- PROBLEM REQUIREMENTS
Copy out the full listing exactly, omitting any picture it contains.

- COLLECTED DATA
Content starts

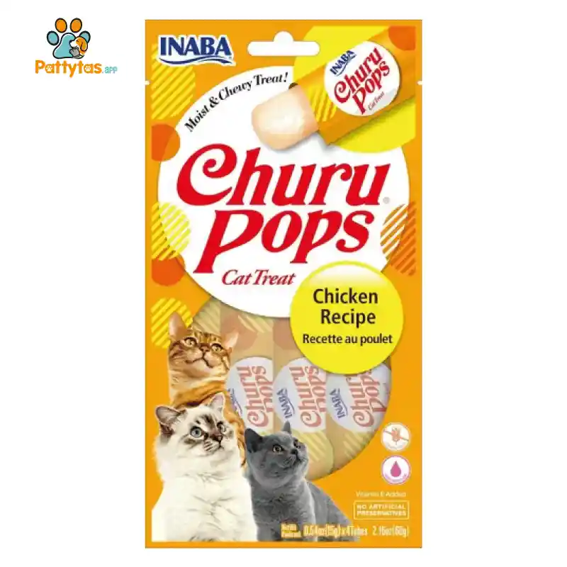 CAT SNACK CHURU POPS – 4 PIEZAS – POLLO ¡Estas golosinas jugosas y sabrosas para gatos están hechas con atún salvaje 100% puro y natural o pollo de granja! Disponible en tres deliciosas variedades, Churu® Pops tiene un alto contenido de humedad que los felinos necesitan para su salud. Simplemente abra un tubo y apriételo un poco para alimentar a mano estas golosinas sin granos ni conservantes. También puedes verterlos en un tazón o usarlos como una cubierta sabrosa en alimentos húmedos o secos 🐾
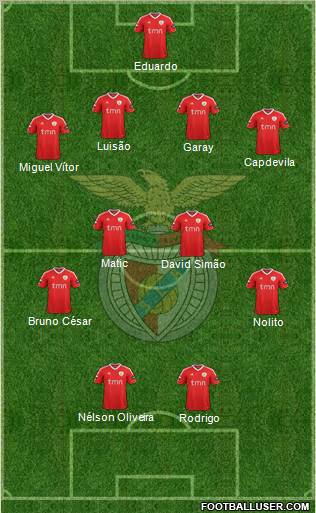 Artur cedeu o seu lugar a Eduardo, Miguel Vítor e Capdevilla ocupam as laterais normalmente frequentadas por Maxi Pereira e Emerson, Matic e David Simão surgem no meio-campo onde costuma actuar Javi Garcia e Witsel, Bruno César e Nolito jogam em simultâneo em vez de Gaitán e um deles como geralmente acontece, e na frente de ataque, nem Aimar como “10” nem Cardozo como “9” nem Saviola, mas sim Rodrigo e Nélson Oliveira a formarem a dupla de pontas-de-lança.
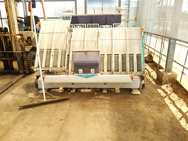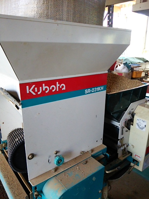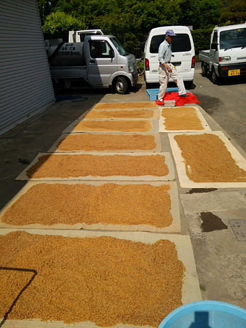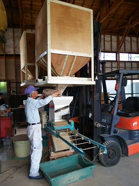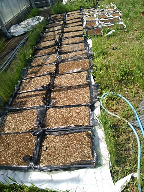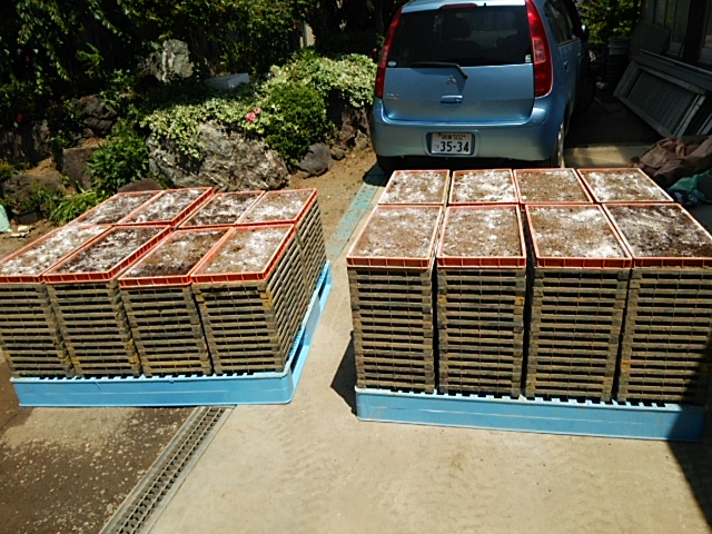 09:00から浜田牧場さんの水稲用の苗床の作成を手伝いました。従弟のOさんの自宅の庭で作成します。クボタのSR−231KHという播種機です。コンベアの端に苗箱を入れると培土入れ・ならし、育苗箱処理剤散布、播種、かん水、覆土まで自動で行ってくれる機械です。私は完成した苗床(ケース)を取り出して8ケース*15段に積み上げる作業を行いました。午前中に120ケース*4ケース:480ケースまで作成しました。1反:300坪で120ケース使用するのだそうです。種籾が1晩水に浸けて干してあります。
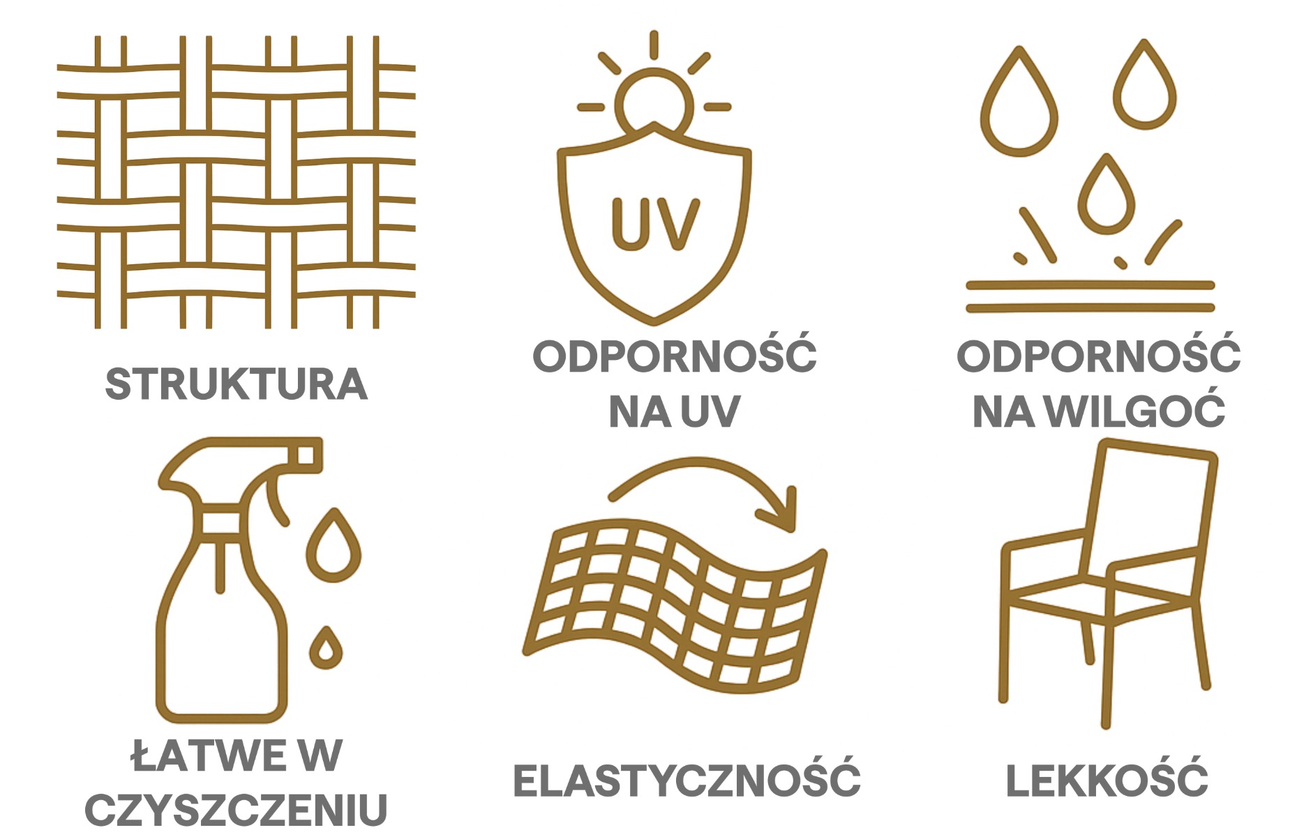 Technorattan łączy estetykę naturalnego splotu z odpornością na wilgoć i promieniowanie UV. Jest lekki, elastyczny i łatwy w pielęgnacji – wystarczy przetrzeć wilgotną ściereczką. Dzięki wysokiej trwałości zachowuje swój wygląd na lata, nawet przy codziennym użytkowaniu.

Content ends

- OUTPUT OF THE EXERCISE
 CAT SNACK CHURU POPS – 4 PIEZAS – POLLO ¡Estas golosinas jugosas y sabrosas para gatos están hechas con atún salvaje 100% puro y natural o pollo de granja! Disponible en tres deliciosas variedades, Churu® Pops tiene un alto contenido de humedad que los felinos necesitan para su salud. Simplemente abra un tubo y apriételo un poco para alimentar a mano estas golosinas sin granos ni conservantes. También puedes verterlos en un tazón o usarlos como una cubierta sabrosa en alimentos húmedos o secos 🐾
 Artur cedeu o seu lugar a Eduardo, Miguel Vítor e Capdevilla ocupam as laterais normalmente frequentadas por Maxi Pereira e Emerson, Matic e David Simão surgem no meio-campo onde costuma actuar Javi Garcia e Witsel, Bruno César e Nolito jogam em simultâneo em vez de Gaitán e um deles como geralmente acontece, e na frente de ataque, nem Aimar como “10” nem Cardozo como “9” nem Saviola, mas sim Rodrigo e Nélson Oliveira a formarem a dupla de pontas-de-lança.
 09:00から浜田牧場さんの水稲用の苗床の作成を手伝いました。従弟のOさんの自宅の庭で作成します。クボタのSR−231KHという播種機です。コンベアの端に苗箱を入れると培土入れ・ならし、育苗箱処理剤散布、播種、かん水、覆土まで自動で行ってくれる機械です。私は完成した苗床(ケース)を取り出して8ケース*15段に積み上げる作業を行いました。午前中に120ケース*4ケース:480ケースまで作成しました。1反:300坪で120ケース使用するのだそうです。種籾が1晩水に浸けて干してあります。
 Technorattan łączy estetykę naturalnego splotu z odpornością na wilgoć i promieniowanie UV. Jest lekki, elastyczny i łatwy w pielęgnacji – wystarczy przetrzeć wilgotną ściereczką. Dzięki wysokiej trwałości zachowuje swój wygląd na lata, nawet przy codziennym użytkowaniu.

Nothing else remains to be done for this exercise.